2 前項の輸送計画書の有効期間は、当該計画書を受理した日から3年間とする。

3 植物防疫官は、国際急送便事業者から、有効期間内に輸送計画書に変更がある旨の申出があり、これを適当と認めた場合は、当該事業者に対し、変更した輸送計画書を提出させるものとする。この場合において、変更後の輸送計画書の有効期間は、当該変更後の輸送計画書を受理した日から3年間とする。

 

(密閉状態の確認)

第4 植物防疫官は、必要があると認めたときは、貨物の密閉状態について確認を行うものとする。

 

(業務の移管)

第5 植物防疫官は、第3により積替陸路輸送を行わせる場合は、検査担当植物防疫所に対し、輸送計画書の写しを送付するものとする。また、国際急送便事業者に対し、積替陸路輸送を行った貨物に植物等が含まれている場合は、検査担当植物防疫所に規則第10条第1項に規定する輸入検査申請を行うよう、指示するものとする。

 

(輸送先の指定海空港における検査)

第6 検査担当植物防疫所の植物防疫官は、国際急送便事業者から輸入検査申請があった場合において、必要があると認めたときは、到着した密閉形輸送機器の状態(封印の有無、密閉状態等)を確認し、輸入検査を行うものとする。

 

別記様式

 

国際急送便積替陸路輸送計画書

 

年  月  日

 

 

 

植物防疫所支所(出張所)植物防疫官殿

 

住所                          

氏名                          


 

国際急送便として輸入された貨物に含まれる植物等の輸入検査について、到着した指定飛行場からその他の指定海空港へ下記により陸路輸送した後に受検するため、輸送計画書を提出します。

なお、当該指定海空港に植物等が到着した後は、速やかに管轄する植物防疫所に植物防疫法施行規則第10条に基づく輸入検査申請を行います。

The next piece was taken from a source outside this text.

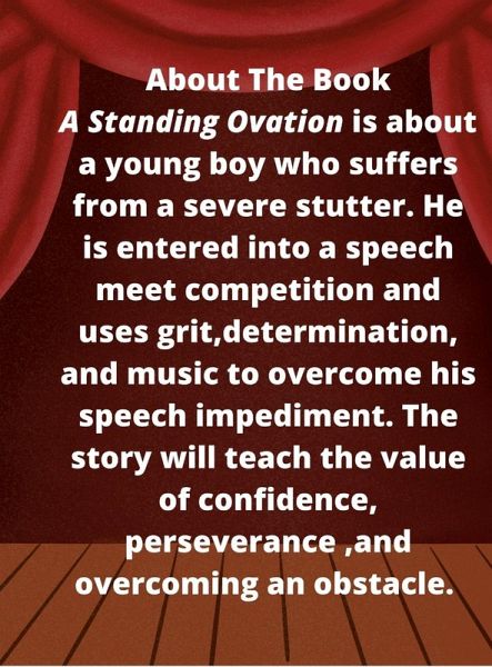 A Standing Ovation is about a young boy who suffers from a severe stutter. He is entered into a speech meet competition and uses grit,determination, and music to overcome his speech issue. The story will teach the value of confidence, perseverance ,and overcoming an obstacle.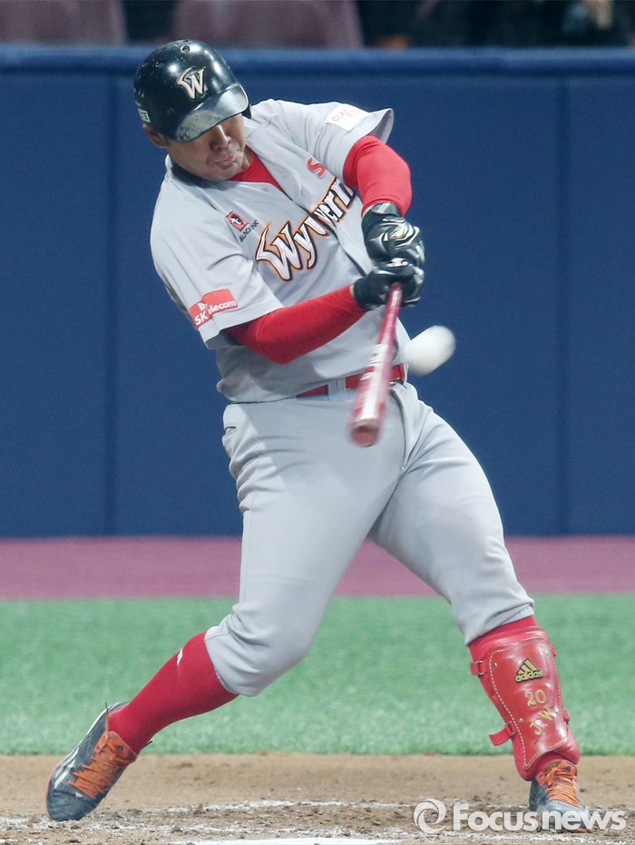 (서울=포커스뉴스) 15일 서울 고척스카이돔에서 열린 2016 프로야구 시범경기 SK-넥센 경기 7회 SK 이재원이 좌중간 3루타를 날리고 있다.

また、この計画を変更する場合は、必ず事前に植物防疫官の確認を得ます。

 

 

 

 

1 輸送方法

2 輸送車両の種類等

3 密閉形輸送機器の封印方法

4 輸送先の指定海空港内の施設名称、所在地

5 輸送先の検査場所(場所の状況を示す資料を添付すること。)

6 積替実施場所の所在地

7 輸送経路(予備を含む複数経路とし、経路図を添付すること。)

8 輸送責任者住所・氏名・電話番号

9 輸送中の事故発生時における対応計画(別紙)

10 輸送に際して留意すべき事項

 

 

 

 

 

(別紙)

 

輸送中の事故発生時における対応計画

 

 

1.事故発生時における連絡体制

(1)連絡を行う責任者の氏名、所属、連絡先等

(2)連絡網

 

2.密閉形輸送機器が破損し、積載荷口が散乱した場合における対応(荷口の散乱場所に係る調査、散乱した荷口の回収等)計画

(1)対応者の氏名、所属、事故発生時の役割

(2)各対応者の待機場所、現場までの具体的な移動手段の確保状況(車両の台数、車両の待機場所等)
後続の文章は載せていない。